## What to work on
Return only the lines below starting at the line containing "Fine-mesh tarpaulin for" and ending at the line containing "Zona Centro, posizione", both included, exactly as they are and with no pictures.
--- Input for this task Enclosed Below ---
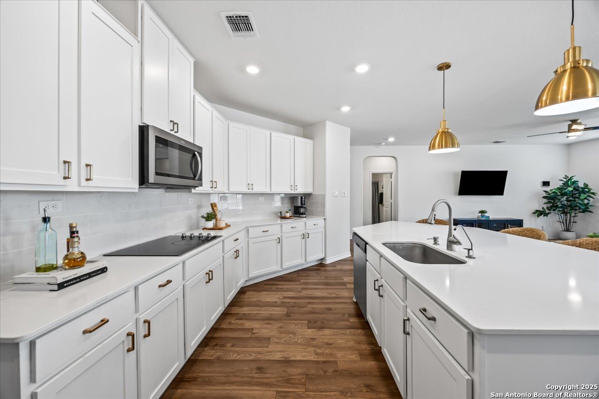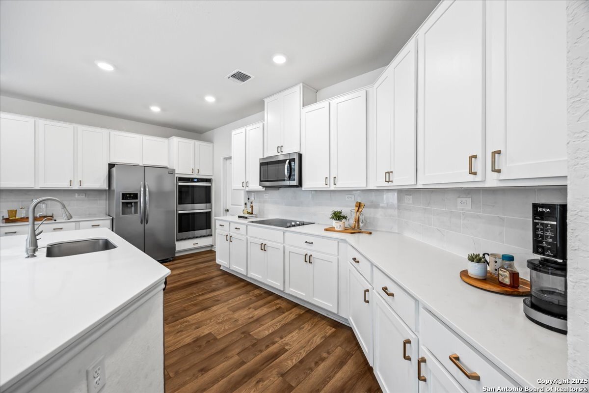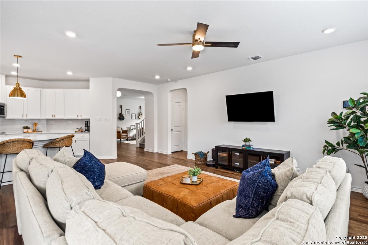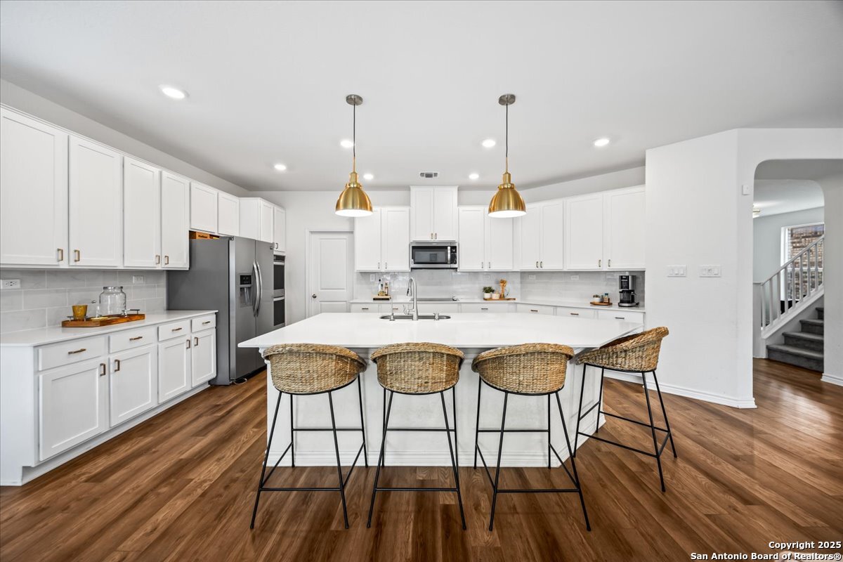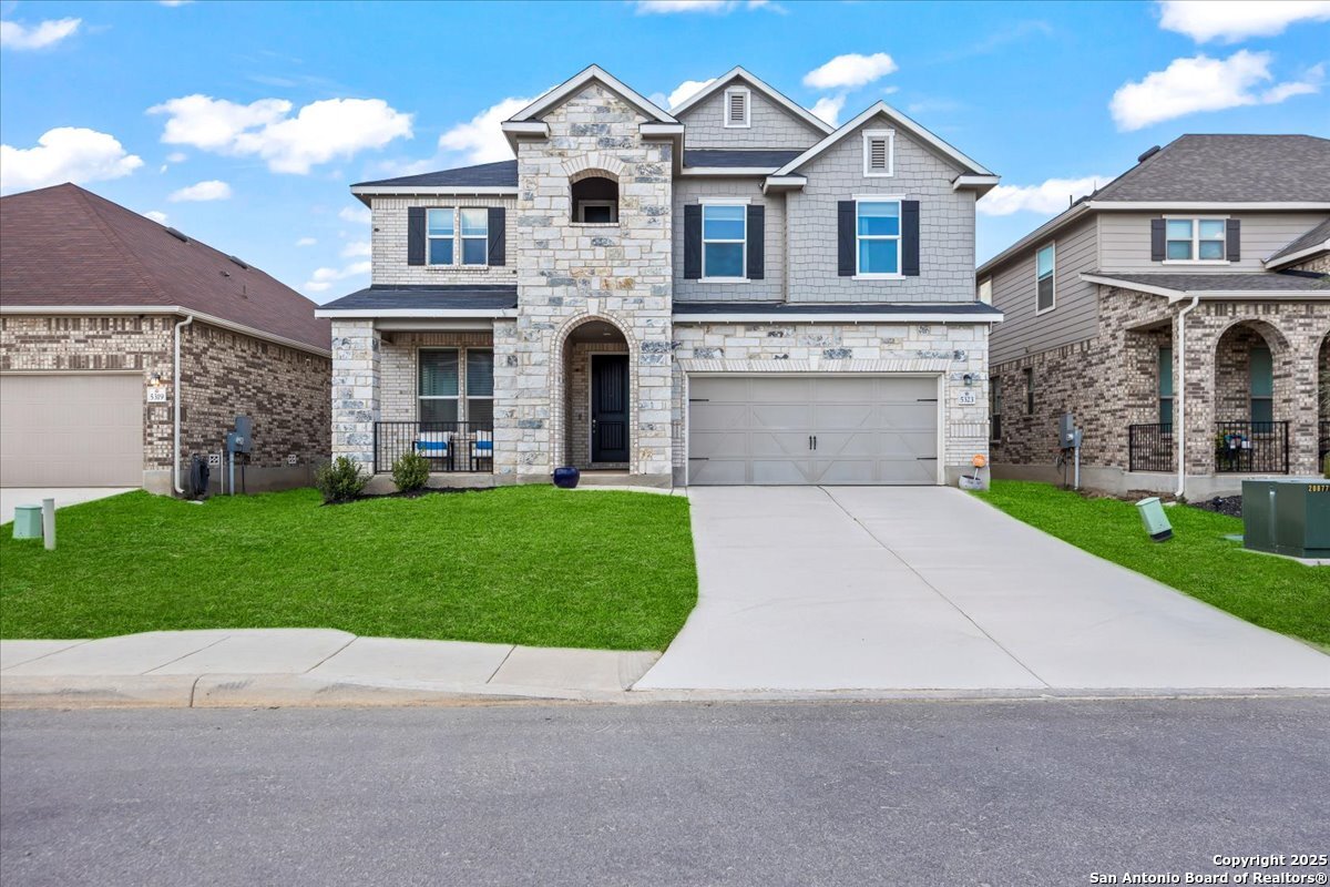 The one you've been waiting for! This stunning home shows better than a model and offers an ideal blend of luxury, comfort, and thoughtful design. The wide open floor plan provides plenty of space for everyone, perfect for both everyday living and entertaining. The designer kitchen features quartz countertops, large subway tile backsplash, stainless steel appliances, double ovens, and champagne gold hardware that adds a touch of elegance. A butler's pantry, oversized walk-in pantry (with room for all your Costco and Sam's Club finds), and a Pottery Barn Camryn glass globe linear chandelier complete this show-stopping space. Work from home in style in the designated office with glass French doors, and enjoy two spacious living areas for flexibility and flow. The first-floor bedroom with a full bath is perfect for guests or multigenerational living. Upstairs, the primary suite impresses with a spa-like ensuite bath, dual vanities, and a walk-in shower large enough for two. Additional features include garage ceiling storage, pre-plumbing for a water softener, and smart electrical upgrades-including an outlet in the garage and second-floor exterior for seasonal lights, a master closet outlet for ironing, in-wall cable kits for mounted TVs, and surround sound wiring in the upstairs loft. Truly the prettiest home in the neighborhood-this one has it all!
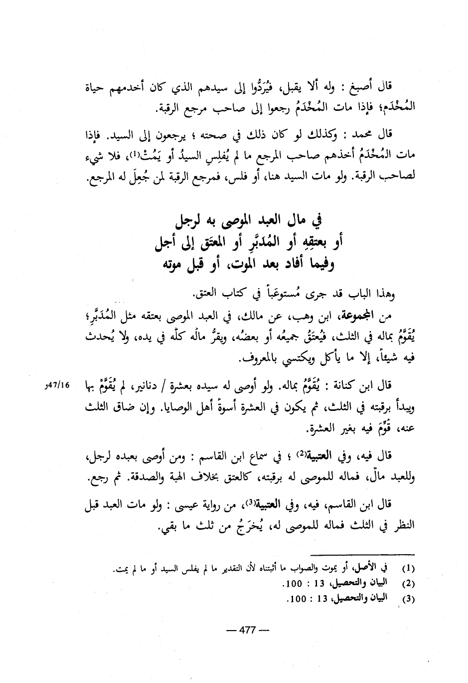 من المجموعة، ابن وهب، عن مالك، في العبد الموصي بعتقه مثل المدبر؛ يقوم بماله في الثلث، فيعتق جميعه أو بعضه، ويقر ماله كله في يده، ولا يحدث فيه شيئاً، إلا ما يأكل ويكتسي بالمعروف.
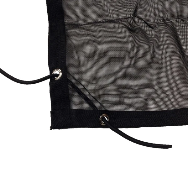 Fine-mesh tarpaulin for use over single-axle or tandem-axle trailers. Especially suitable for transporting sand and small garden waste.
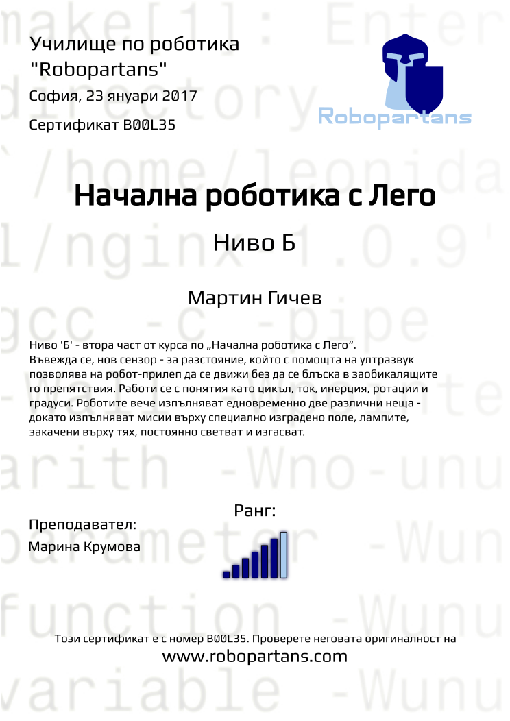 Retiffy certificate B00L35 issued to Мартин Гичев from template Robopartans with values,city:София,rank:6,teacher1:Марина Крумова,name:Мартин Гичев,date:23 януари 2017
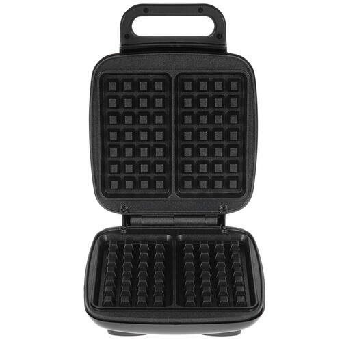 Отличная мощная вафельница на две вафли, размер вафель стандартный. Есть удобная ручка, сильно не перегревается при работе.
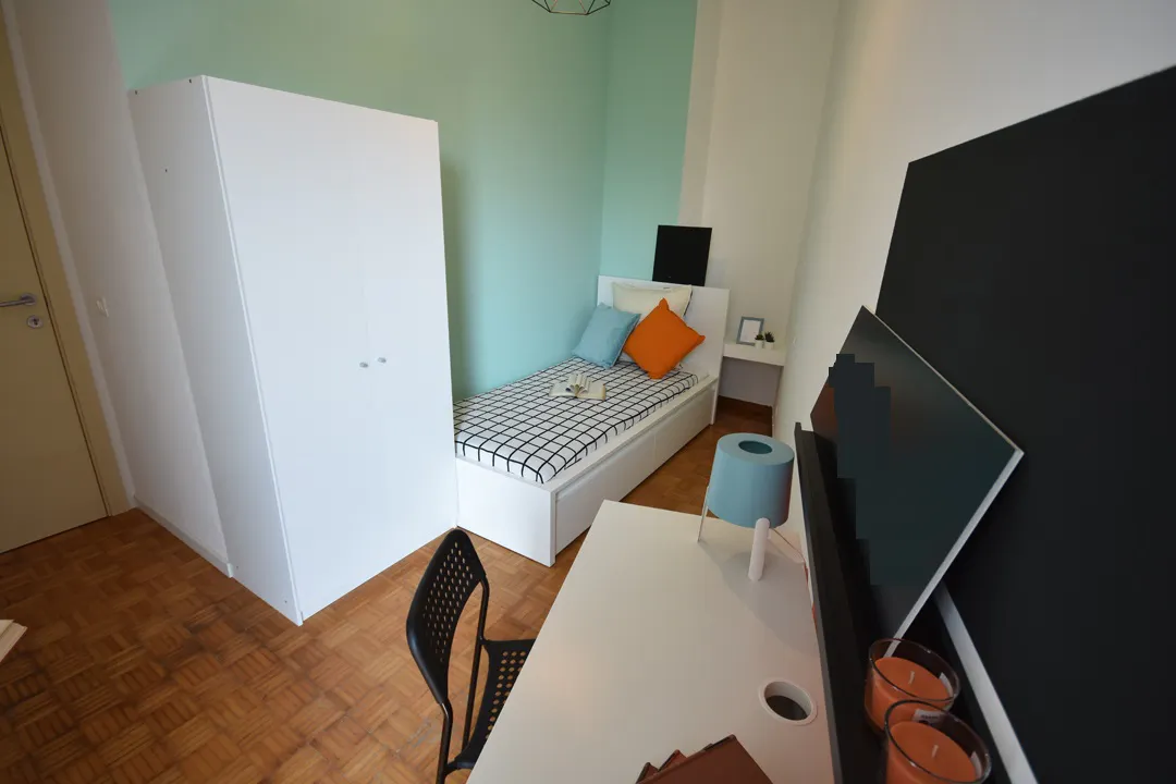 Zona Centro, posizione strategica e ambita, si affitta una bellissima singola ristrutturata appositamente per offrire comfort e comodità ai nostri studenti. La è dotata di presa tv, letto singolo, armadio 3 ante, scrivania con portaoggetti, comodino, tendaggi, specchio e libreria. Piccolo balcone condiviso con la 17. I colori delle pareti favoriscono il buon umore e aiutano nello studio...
--- End of Enclosed Input for this task ---
--- Input for this task Enclosed Below ---
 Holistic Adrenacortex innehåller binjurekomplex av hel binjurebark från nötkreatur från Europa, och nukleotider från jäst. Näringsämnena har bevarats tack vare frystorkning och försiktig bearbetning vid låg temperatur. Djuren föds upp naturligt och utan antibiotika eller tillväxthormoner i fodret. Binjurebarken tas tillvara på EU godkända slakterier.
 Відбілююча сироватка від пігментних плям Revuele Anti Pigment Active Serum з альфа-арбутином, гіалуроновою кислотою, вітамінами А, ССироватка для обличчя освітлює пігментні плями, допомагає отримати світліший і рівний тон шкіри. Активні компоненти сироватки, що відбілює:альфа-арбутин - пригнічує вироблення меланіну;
--- End of Enclosed Input for this task ---
## Task response
 Fine-mesh tarpaulin for use over single-axle or tandem-axle trailers. Especially suitable for transporting sand and small garden waste.
 Retiffy certificate B00L35 issued to Мартин Гичев from template Robopartans with values,city:София,rank:6,teacher1:Марина Крумова,name:Мартин Гичев,date:23 януари 2017
 Отличная мощная вафельница на две вафли, размер вафель стандартный. Есть удобная ручка, сильно не перегревается при работе.
 Zona Centro, posizione strategica e ambita, si affitta una bellissima singola ristrutturata appositamente per offrire comfort e comodità ai nostri studenti. La è dotata di presa tv, letto singolo, armadio 3 ante, scrivania con portaoggetti, comodino, tendaggi, specchio e libreria. Piccolo balcone condiviso con la 17. I colori delle pareti favoriscono il buon umore e aiutano nello studio...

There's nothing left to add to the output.